During the study, participants stood on the pretend curb facing the real road and were instructed to use traffic on the real road to decide when to cross the pretend road. Anecdotal evidence from this study and empirical evidence from previous work (Lee et al., 1984) suggest that children and adults understood the protocol without difficulty.
Experimental Conditions
Adults crossed both the pretend and real roads, using the marked crosswalk, five times. Order of crossing real and pretend roads was randomized across adult participants. Children crossed the pretend road five times under each of the four intensities of supervision (no supervision, visual supervision, partial supervision, and full supervision), for a total of 20 crossings. Intensity level was presented in random order across participants. In the no supervision condition, children's parents were completely out of view. In the visual supervision condition, the parents watched children through a nearby window. Neither verbal nor nonverbal communication between children and parents was permitted or possible during crossings in this condition. In the partial supervision condition, parents stood on the opposite side of the pretend road, and to the right of the pretend curb from the children's perspective. Communication was permitted, and most parents did so via shouting or hand and body signals. In the full supervision condition, parents crossed the pretend road with their children. Many parents held hands with their child during this condition; almost all used physical and verbal communication.
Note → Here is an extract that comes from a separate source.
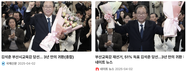 - 김 당선인은 "이번 교육감 선거가 탄핵 정국 속에서 치러지면서 시민의 관심을 모으는 일이 너무나 어려웠다"고 언급하며, "김석준 개인의 승리가 아닌, 민주주의와 부산교육을 지키기 위해 현명한 선택을 한 시민 여러분의 위대한 승리"라고 소감을 밝혔다.

Thus, increases in intensity beyond the no supervision condition involved two key aspects of parent supervision, varying parental attentiveness and readiness to intervene (Morrongiello, 2005). Attentiveness increased across conditions in the form of parental observation and communication. Readiness to intervene increased through the physical presence and proximity of the parent.
Protocol
Participants were first asked to stand on the pretend curb. Following a cue to "cross when you think it looks clear," participants began looking at traffic on the real road and crossed when they deemed it safe. After reaching the far side of the pretend road, participants walked back to the starting curb. All crossing behaviors were videotaped for subsequent coding using a camera with a wide-angle lens situated approximately five feet behind participants.
Measures
As detailed below, six pedestrian behaviors were measured: wait time, attention to traffic, missed opportunities, gap size, anticipations, and tight fits. Scores on each measure were calculated for each child within conditions of supervision intensity. Aggregates were created by averaging measures of time and common events (wait time, attention to traffic, gap size) and by summing uncommon events (missed opportunities, anticipations, tight fits).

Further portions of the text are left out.